__Given data__
■ ■ ■ ■ ■
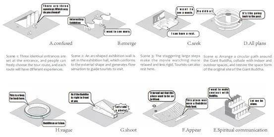 三类人从一进文化中心的大门就面对三个一模一样的窑洞,让文化中心充满了故事性,三条甬道通向不同的功能空间,让行走在流线过程中充满很多不同的体验。最后三股流线在中心汇合,推动到流线的高潮,也就是观景塔上,直面被炸毁的巴米扬大佛遗迹给与三类人同样的冲击感,就如七宗罪电影中最后的一种罪“愤怒”,也是由三个主角一起完成的。
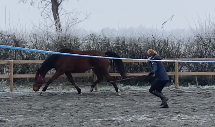 J'ai monté un rond de longe dans ma carriere pour entretenir le travail des départs au galop fait en cours. Je dois dire que je suis vraiment contente de mon baby.
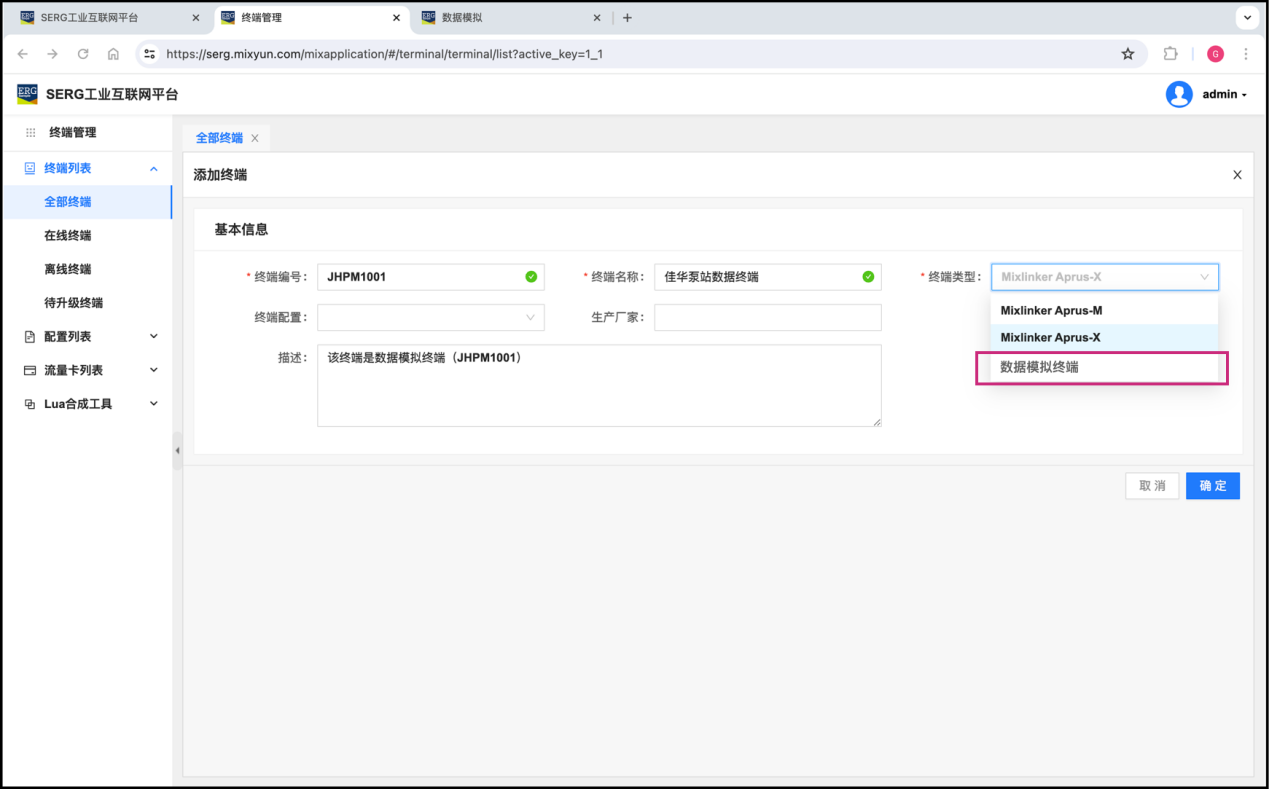 现在应该清楚,模拟数据只是替数据终端产生数据而已。这里面填写的 “模拟数据终端编号”,目前还不是真正的 MixIOT “数据终端”。所以,还需要在 “终端管理” 中去注册一个真实的终端:
■ ■ ■ ■ ■
__Task details__
In your copy, omit the pictures and restate every line of the data word for word.

__Output for this task__
 三类人从一进文化中心的大门就面对三个一模一样的窑洞,让文化中心充满了故事性,三条甬道通向不同的功能空间,让行走在流线过程中充满很多不同的体验。最后三股流线在中心汇合,推动到流线的高潮,也就是观景塔上,直面被炸毁的巴米扬大佛遗迹给与三类人同样的冲击感,就如七宗罪电影中最后的一种罪“愤怒”,也是由三个主角一起完成的。
 J'ai monté un rond de longe dans ma carriere pour entretenir le travail des départs au galop fait en cours. Je dois dire que je suis vraiment contente de mon baby.
 现在应该清楚,模拟数据只是替数据终端产生数据而已。这里面填写的 “模拟数据终端编号”,目前还不是真正的 MixIOT “数据终端”。所以,还需要在 “终端管理” 中去注册一个真实的终端:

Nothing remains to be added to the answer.